**INPUT RECORDS:**
•••

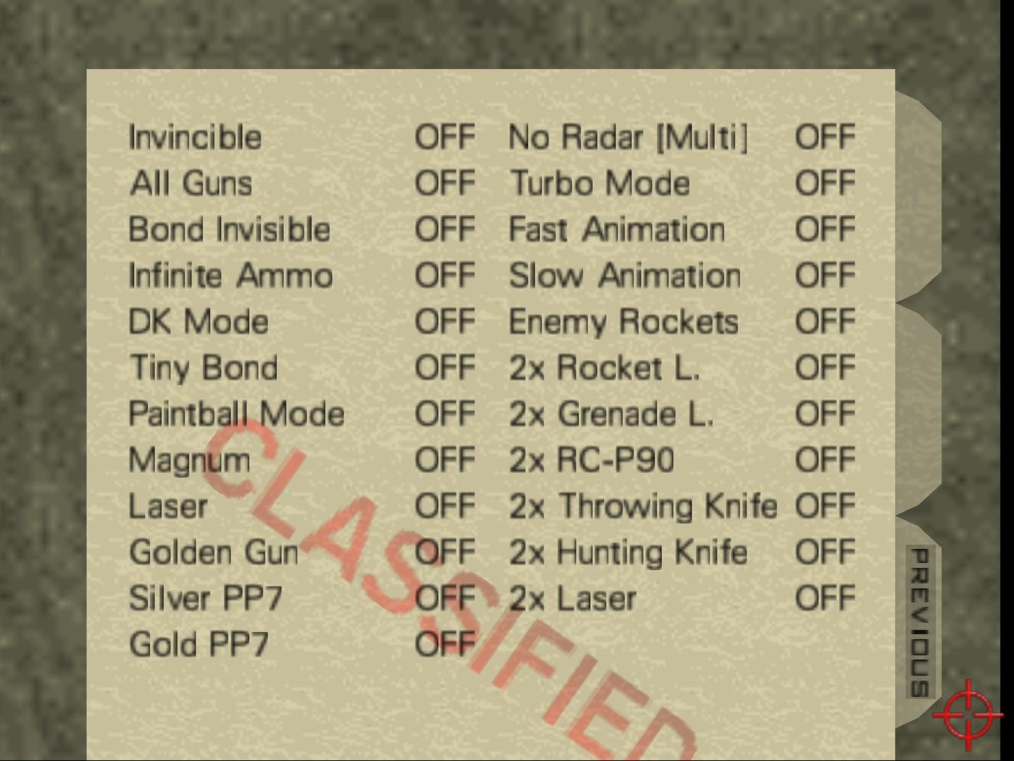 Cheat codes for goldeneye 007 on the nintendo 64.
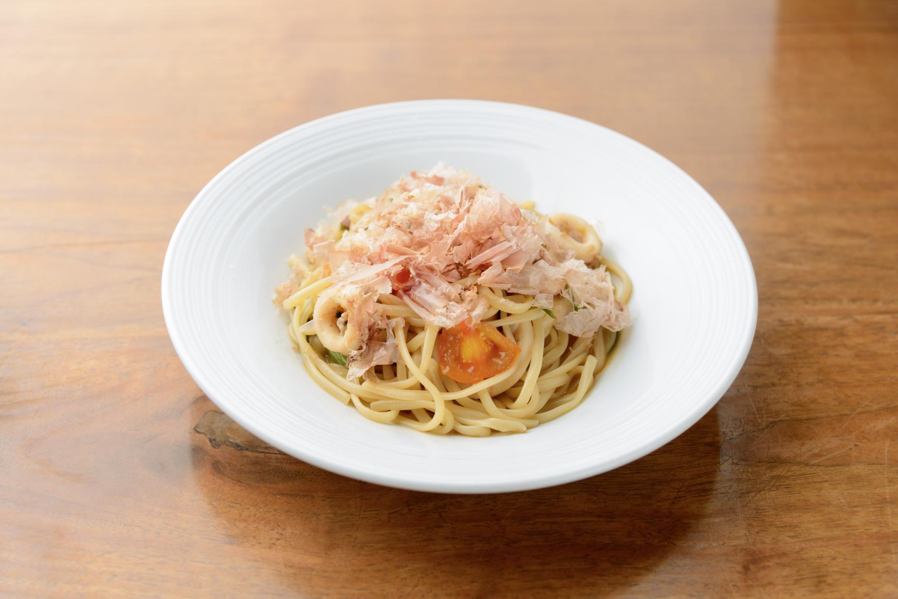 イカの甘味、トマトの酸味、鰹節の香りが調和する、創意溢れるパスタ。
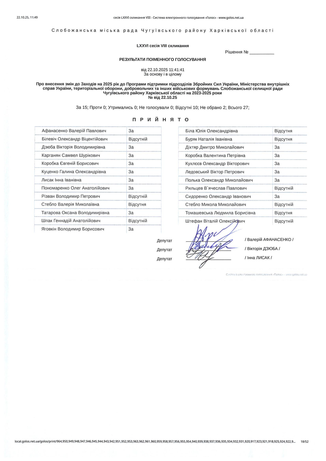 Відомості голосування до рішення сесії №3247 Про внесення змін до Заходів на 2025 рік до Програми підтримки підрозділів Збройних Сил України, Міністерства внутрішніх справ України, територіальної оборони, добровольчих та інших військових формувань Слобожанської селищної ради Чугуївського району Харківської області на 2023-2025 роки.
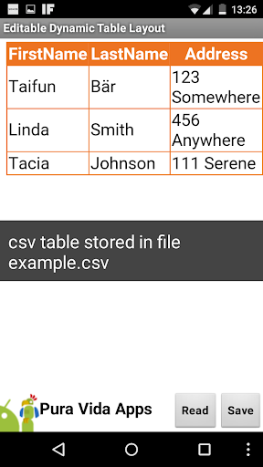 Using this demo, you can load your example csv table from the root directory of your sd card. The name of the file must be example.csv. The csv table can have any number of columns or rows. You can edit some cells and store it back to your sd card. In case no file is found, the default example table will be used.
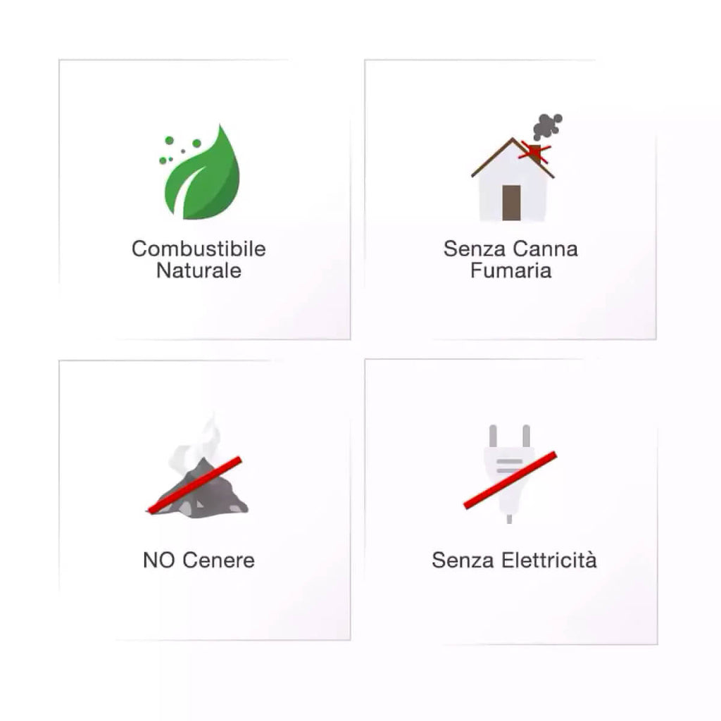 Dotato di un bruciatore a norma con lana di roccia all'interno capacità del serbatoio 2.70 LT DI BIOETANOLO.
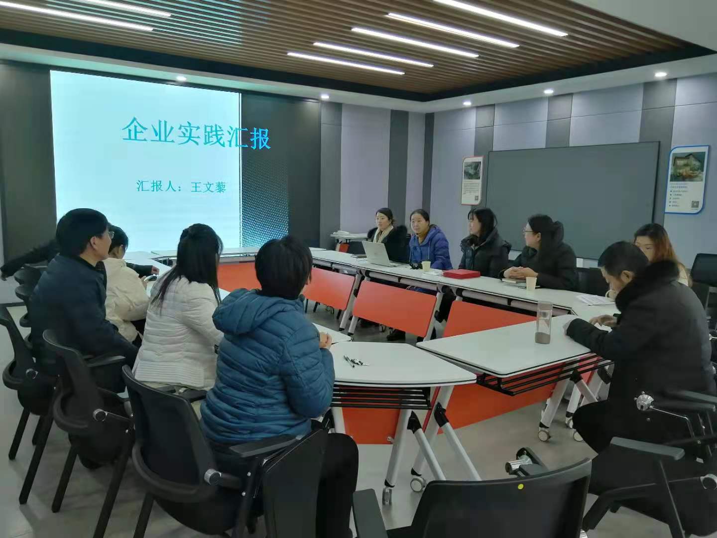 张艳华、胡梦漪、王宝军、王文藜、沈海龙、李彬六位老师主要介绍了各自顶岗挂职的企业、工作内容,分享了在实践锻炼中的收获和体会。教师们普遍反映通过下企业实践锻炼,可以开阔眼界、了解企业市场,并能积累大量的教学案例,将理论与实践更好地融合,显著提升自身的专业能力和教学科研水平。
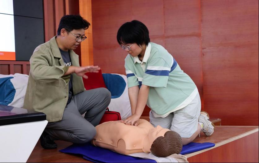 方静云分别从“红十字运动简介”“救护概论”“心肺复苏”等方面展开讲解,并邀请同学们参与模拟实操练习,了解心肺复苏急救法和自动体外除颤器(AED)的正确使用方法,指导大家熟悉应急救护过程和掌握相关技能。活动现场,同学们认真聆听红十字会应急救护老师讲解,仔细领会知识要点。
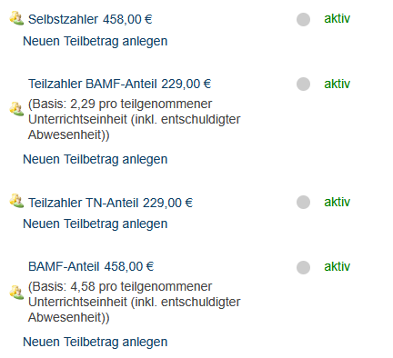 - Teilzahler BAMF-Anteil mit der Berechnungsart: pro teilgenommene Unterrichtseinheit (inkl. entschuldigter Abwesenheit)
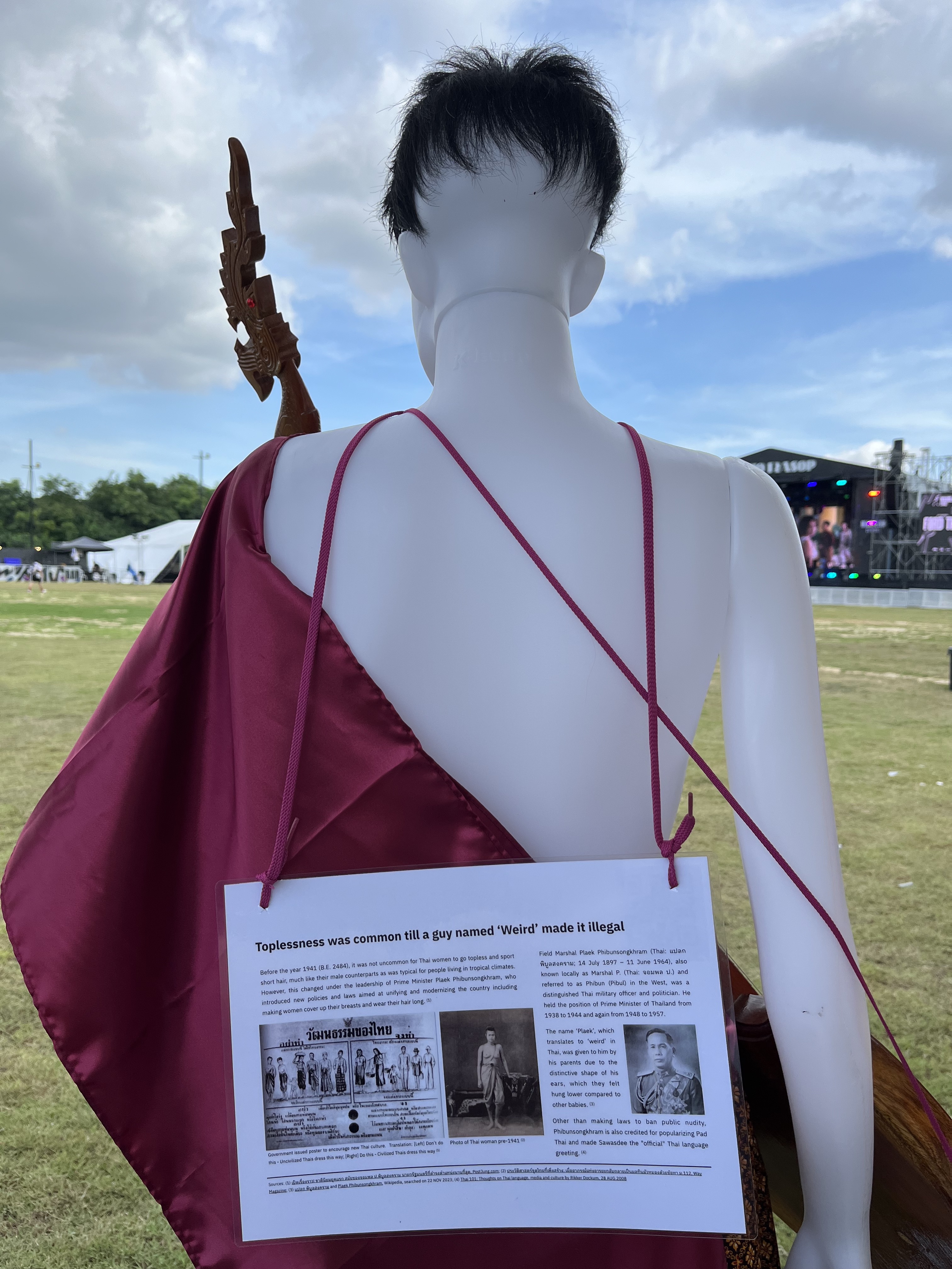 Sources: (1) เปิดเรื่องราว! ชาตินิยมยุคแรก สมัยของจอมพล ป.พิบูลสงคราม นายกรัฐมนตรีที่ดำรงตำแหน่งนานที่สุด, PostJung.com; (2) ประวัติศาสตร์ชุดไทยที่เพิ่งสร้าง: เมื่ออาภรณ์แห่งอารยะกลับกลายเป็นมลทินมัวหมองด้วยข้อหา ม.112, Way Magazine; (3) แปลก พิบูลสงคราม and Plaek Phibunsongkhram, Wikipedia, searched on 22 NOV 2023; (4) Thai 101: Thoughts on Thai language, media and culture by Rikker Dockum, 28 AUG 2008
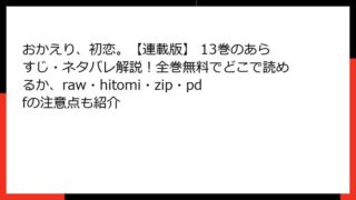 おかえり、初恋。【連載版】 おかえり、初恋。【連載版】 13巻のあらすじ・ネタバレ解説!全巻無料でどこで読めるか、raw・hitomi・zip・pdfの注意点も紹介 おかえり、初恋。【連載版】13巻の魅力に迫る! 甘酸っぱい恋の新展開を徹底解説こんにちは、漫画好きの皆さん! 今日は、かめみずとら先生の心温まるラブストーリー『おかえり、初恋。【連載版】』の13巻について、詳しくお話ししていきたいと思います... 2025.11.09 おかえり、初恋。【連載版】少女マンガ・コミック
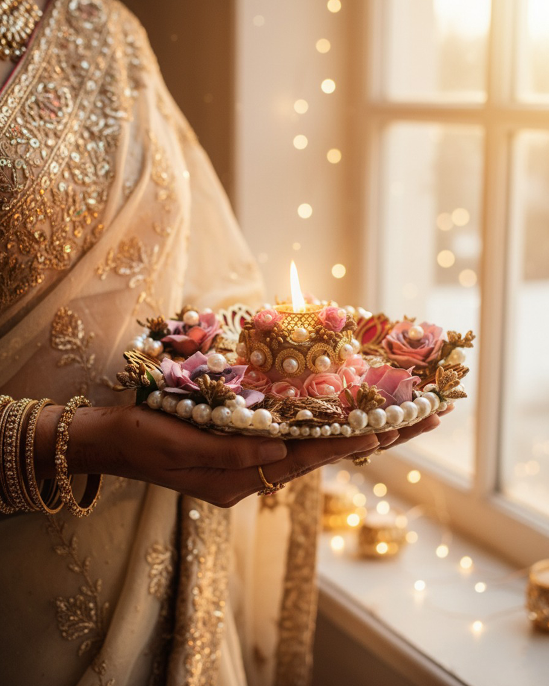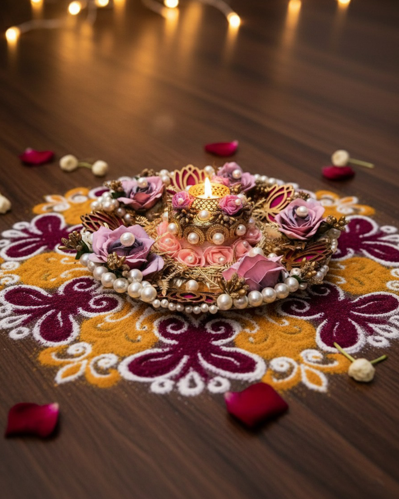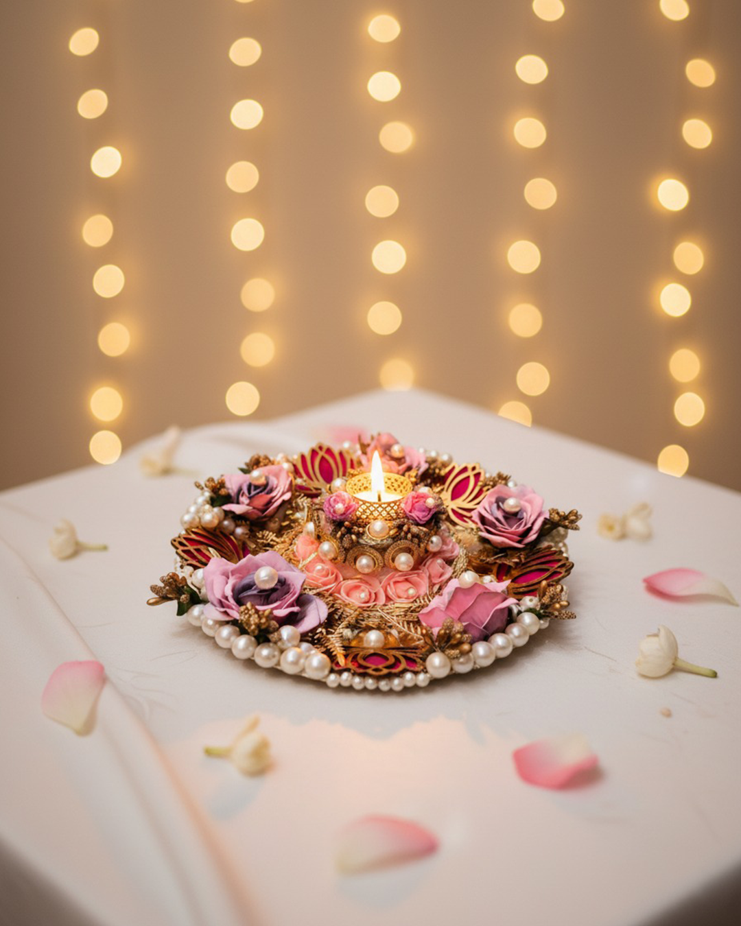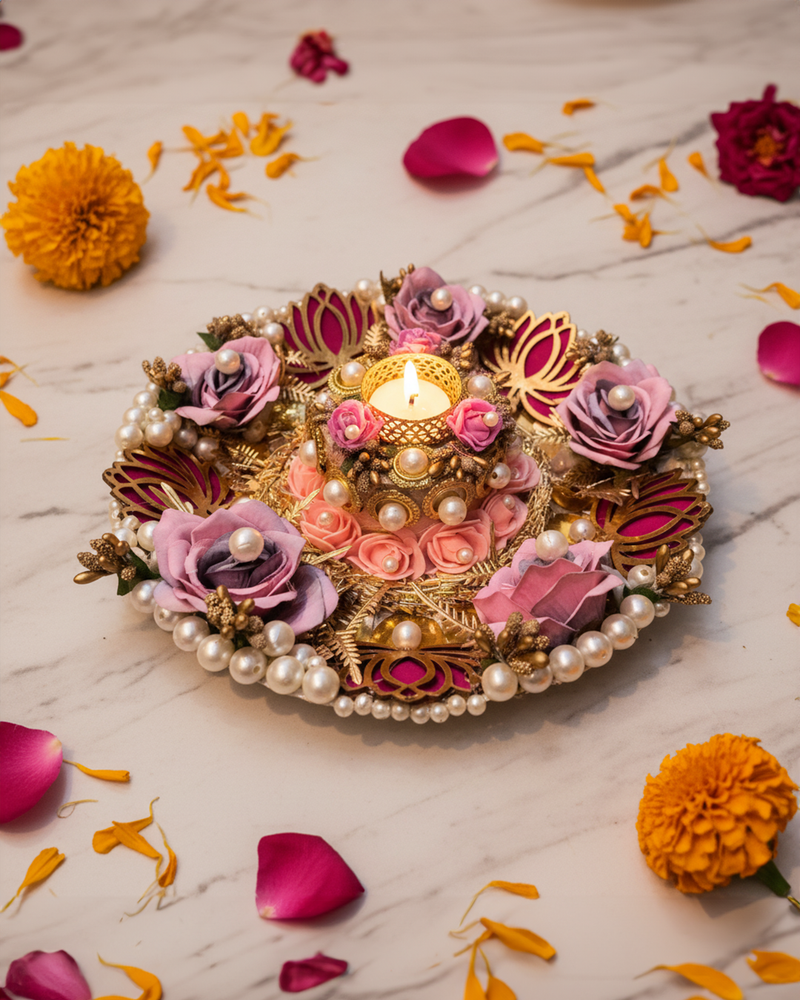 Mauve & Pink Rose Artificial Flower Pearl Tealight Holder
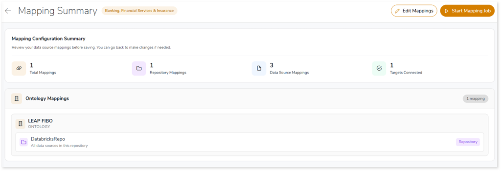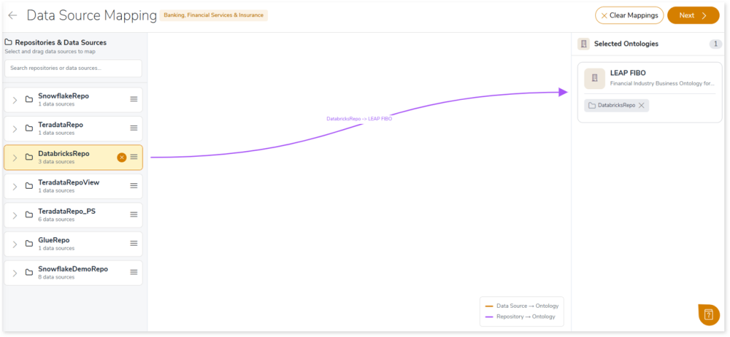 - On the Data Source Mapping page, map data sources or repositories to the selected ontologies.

•••

**WHAT IS NEEDED:** Please transcribe, with no additions, the lines starting at the one that contains "Dotato di un" and running through the last line of the entries, inclusive. Leave the pictures out.

**EXERCISE RESULT:**
 Dotato di un bruciatore a norma con lana di roccia all'interno capacità del serbatoio 2.70 LT DI BIOETANOLO.
 张艳华、胡梦漪、王宝军、王文藜、沈海龙、李彬六位老师主要介绍了各自顶岗挂职的企业、工作内容,分享了在实践锻炼中的收获和体会。教师们普遍反映通过下企业实践锻炼,可以开阔眼界、了解企业市场,并能积累大量的教学案例,将理论与实践更好地融合,显著提升自身的专业能力和教学科研水平。
 方静云分别从“红十字运动简介”“救护概论”“心肺复苏”等方面展开讲解,并邀请同学们参与模拟实操练习,了解心肺复苏急救法和自动体外除颤器(AED)的正确使用方法,指导大家熟悉应急救护过程和掌握相关技能。活动现场,同学们认真聆听红十字会应急救护老师讲解,仔细领会知识要点。
 - Teilzahler BAMF-Anteil mit der Berechnungsart: pro teilgenommene Unterrichtseinheit (inkl. entschuldigter Abwesenheit)
 Sources: (1) เปิดเรื่องราว! ชาตินิยมยุคแรก สมัยของจอมพล ป.พิบูลสงคราม นายกรัฐมนตรีที่ดำรงตำแหน่งนานที่สุด, PostJung.com; (2) ประวัติศาสตร์ชุดไทยที่เพิ่งสร้าง: เมื่ออาภรณ์แห่งอารยะกลับกลายเป็นมลทินมัวหมองด้วยข้อหา ม.112, Way Magazine; (3) แปลก พิบูลสงคราม and Plaek Phibunsongkhram, Wikipedia, searched on 22 NOV 2023; (4) Thai 101: Thoughts on Thai language, media and culture by Rikker Dockum, 28 AUG 2008
 おかえり、初恋。【連載版】 おかえり、初恋。【連載版】 13巻のあらすじ・ネタバレ解説!全巻無料でどこで読めるか、raw・hitomi・zip・pdfの注意点も紹介 おかえり、初恋。【連載版】13巻の魅力に迫る! 甘酸っぱい恋の新展開を徹底解説こんにちは、漫画好きの皆さん! 今日は、かめみずとら先生の心温まるラブストーリー『おかえり、初恋。【連載版】』の13巻について、詳しくお話ししていきたいと思います... 2025.11.09 おかえり、初恋。【連載版】少女マンガ・コミック
 Mauve & Pink Rose Artificial Flower Pearl Tealight Holder
 - On the Data Source Mapping page, map data sources or repositories to the selected ontologies.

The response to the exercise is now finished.